Алексей моментально насторожился, услышав знакомое имя, и в который раз удивившись, насколько мир бывает тесен…

Глава 13

— Что ж — вижу что ты, государь над всем подумал, все размыслил. Но думаю, что дворянство, священники и народ встретит твои устроения благожелательно. Все уже устали от бесконечных указов царя Петра, что вечером отменяют те, что написаны им были утром.

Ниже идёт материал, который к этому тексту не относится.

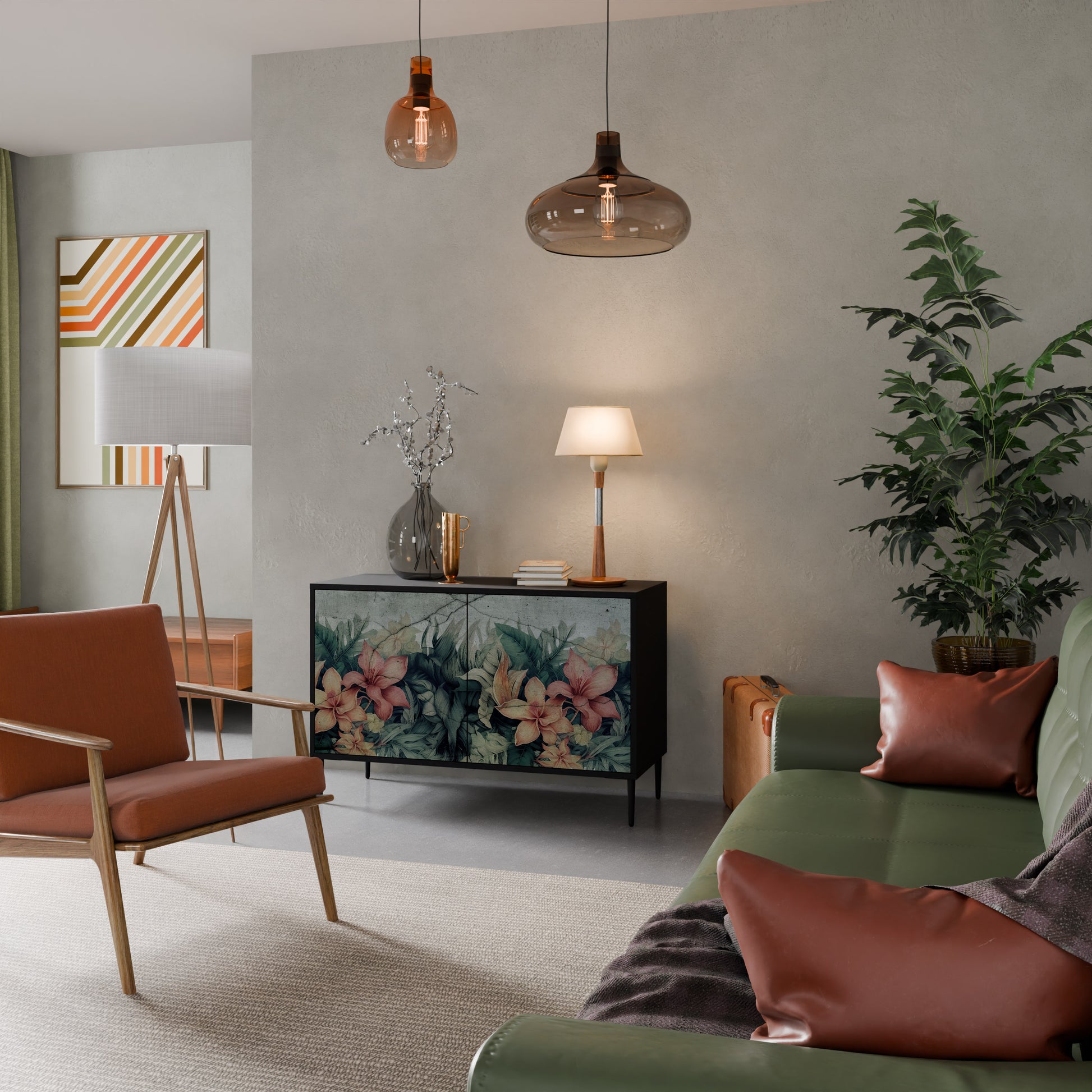 Elegance and functionality in a single piece of furniture – our 2-Door Sideboard with a black body is the perfect solution for lovers of stylish, modern interiors. The black body emphasizes the bold character of the furniture, while the fronts with a unique print add an artistic touch. It fits perfectly in the living room, bedroom, or office, complementing both modern and industrial arrangements.

«Сплошной зуд реформаторства — как указывал один историк. Все же свыше десяти тысяч указов написано за тридцать пять лет правления, это перебор изрядный — по одному в сутки, отбросив те дни, когда царь-батюшка был в доску пьян. Действительно реформатор ради реформ, лишь бы изменить. Оттого и переделывалась все, и жизнь провел в дороге.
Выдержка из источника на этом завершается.